Aim of the exercise: In the records below, the lines between the one holding "di layar peta" and the one holding "Classic Jumbo CC", inclusive, are to be transcribed exactly; no pictures are to be included.

Given data:
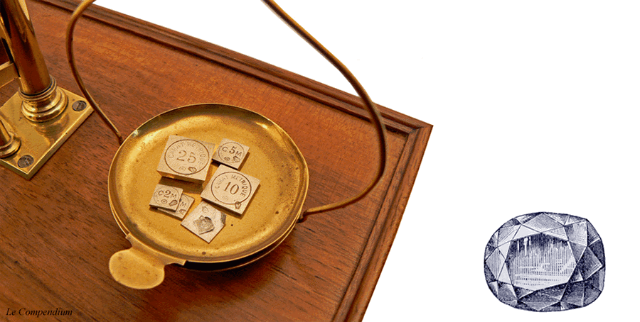 Vers une balance-carat de poche de la Maison Exupère, utilisant des carats de 205 mg. Cliquez sur l'image : |
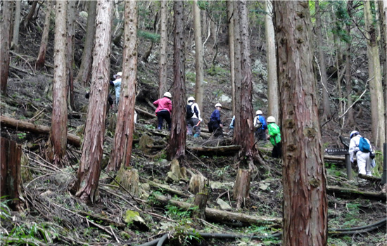 今回は5歳の男の子から80歳に近いご婦人まで、老若男女様々な方々が参加してくださったため、森の入り口から険しい場所まで体力に応じた間伐を約3時間にわたって行い、5本の間伐を完了し下山。全員でカレーライスを摂り、帰路に向かった。
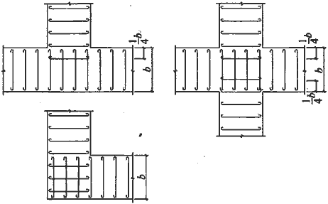 6 钢筋混凝土条形基础底板在T形及十字形交接处,底板横向受力钢筋仅沿一个主要受力方向通长布置,另一方向的横向受力钢筋可布置到主要受力方向底板宽度1/4处(图8.2.1-2)。在拐角处底板横向受力钢筋应沿两个方向布置(图8.2.1-2)。
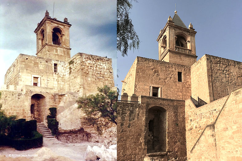Algo a lo que también colaboró la reconstrucción, en el año 2001, de la torre albarrana cilíndrica de San Juan y los lienzos almenados inmediatos, obra que realizó la delegación municipal de Patrimonio Histórico bajo la dirección del aparejador Manuel Cruz Sánchez. Con todo ello y, desde una cierta lejanía, se había recuperado la visión de conjunto de las defensas medievales antiquiríes, delimitadas en los extremos de este frente sur por la torre del Homenaje (Papabellotas) a la izquierda y la nazarí Torre-Puerta de Málaga (Ermita de la Virgen de Espera) a la derecha.
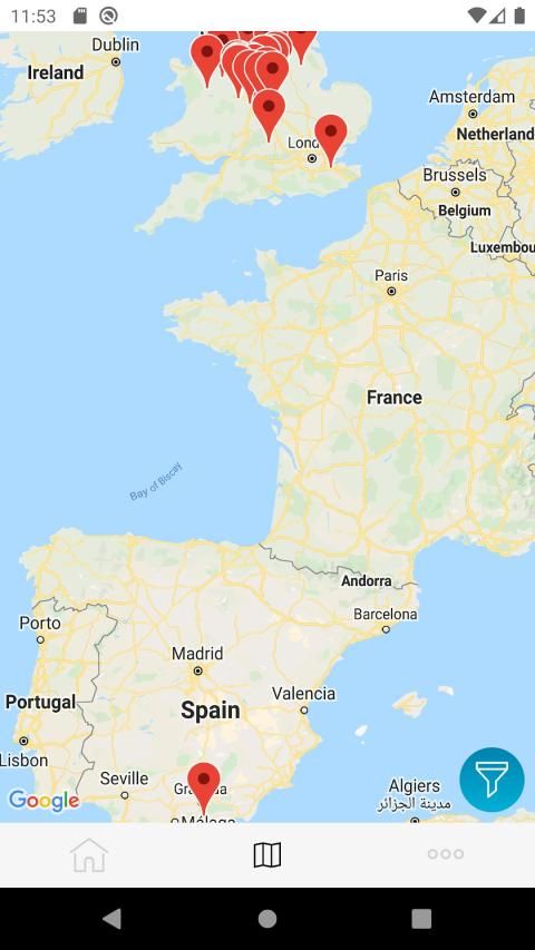 : tombol baru di sebelah rumah disebut MAP: Ini akan menampilkan semua bisnis dan kami akan memberikan filter kategori di layar peta
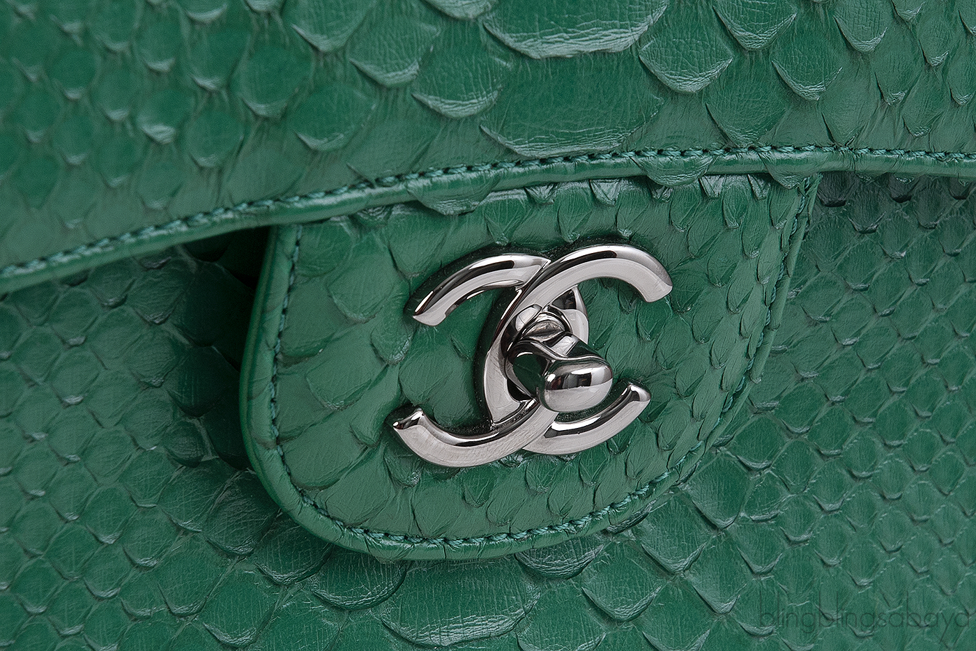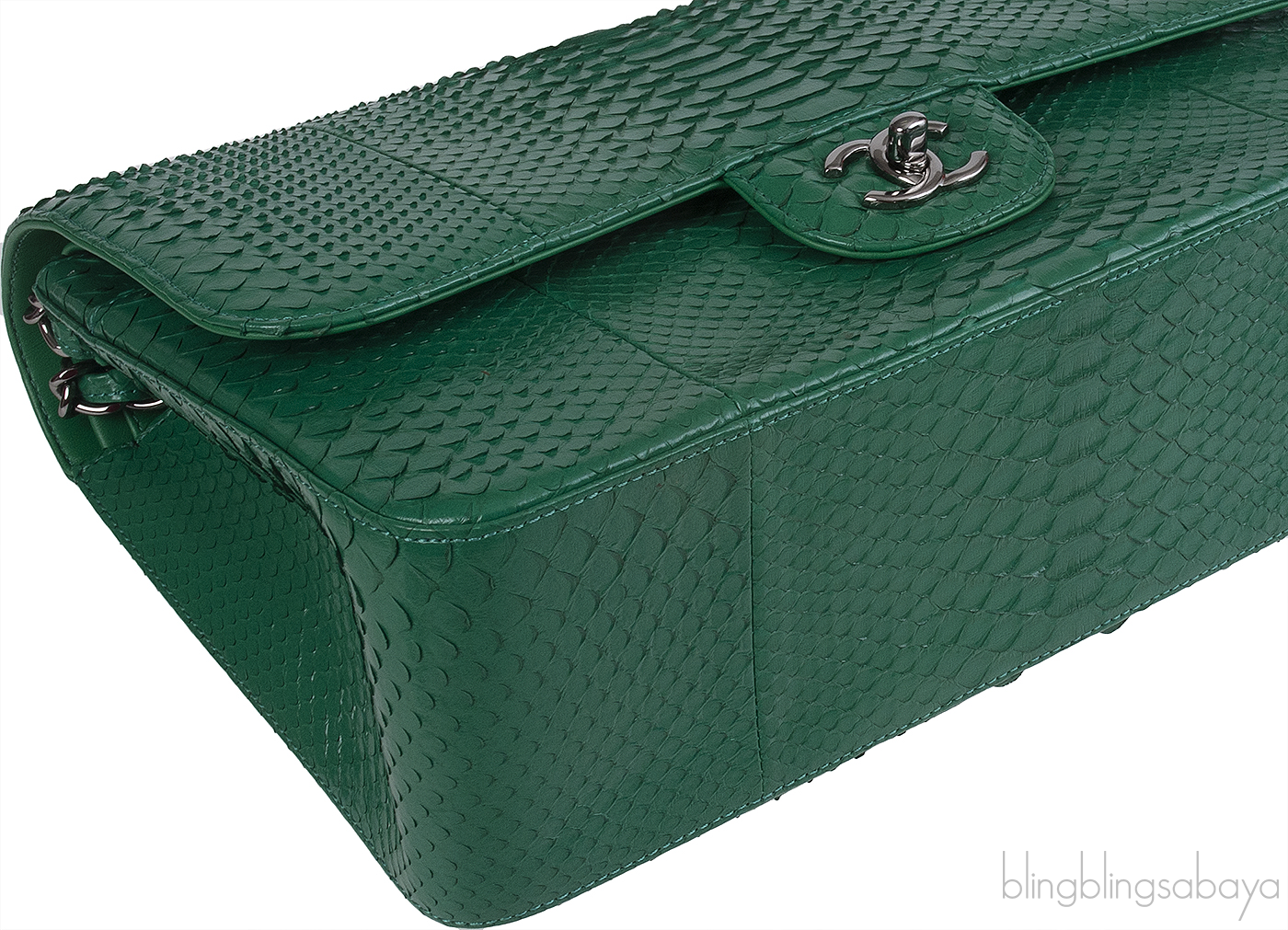Classic Jumbo CC Emerald Green Python Flap Bag from Chanel!
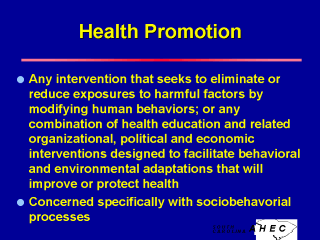 Primary Goal The primary goal of health promotion is to offer specific processes that will support individuals in practicing healthy behaviors. While people may understand the need to improve their health habits, many times they lack necessary resources in terms of motivation, discipline, or the specific knowledge which would enhance their efforts. Health promotion can provide resources to assist people in making lifestyle behavior changes. |
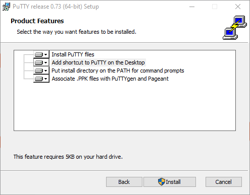 In the Product Features step, select the way you want the features installed. If you plan to use PuTTY frequently, add a PuTTY shortcut to the Desktop. Click the Install button:
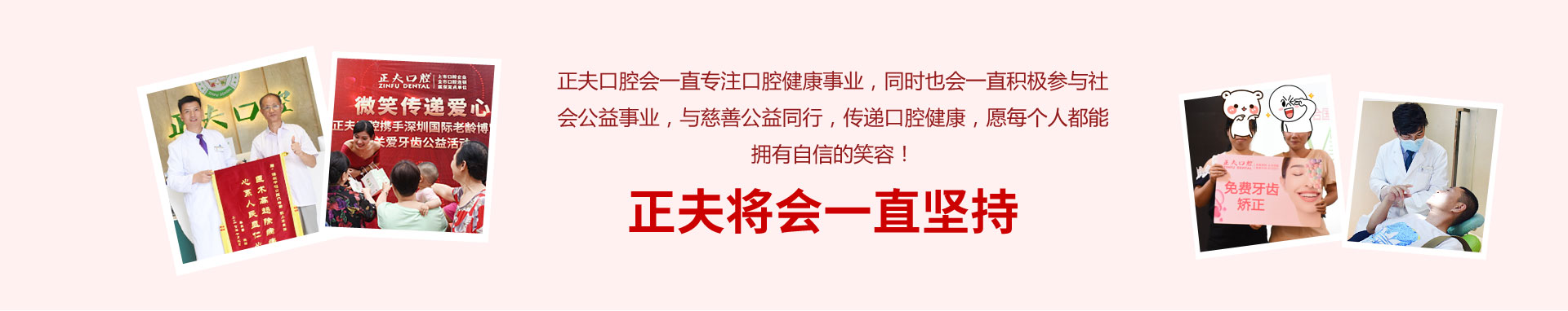 正夫口腔一直做公益事业的先锋,我们一直保持高度的社会责任感,时刻关注大众的口腔健康、一直以 精湛技术及一颗奉献的心推动慈善公益事业的发展。对于社会上的弱势群体 ,正夫口腔更是不遗余力地 给予关爱和帮助,力求让他们感受到爱和温暖。
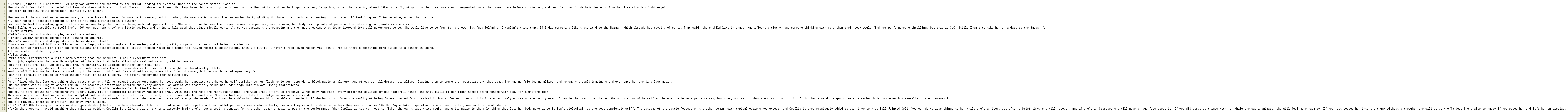 Her need to feel the wanting gaze of others means anything that has her being watched appeals to her. She would love to have the player request she perform, even showing her body, with plenty of prose on the detailing and joints as she strips.

Exercise result:
 : tombol baru di sebelah rumah disebut MAP: Ini akan menampilkan semua bisnis dan kami akan memberikan filter kategori di layar peta
Classic Jumbo CC Emerald Green Python Flap Bag from Chanel!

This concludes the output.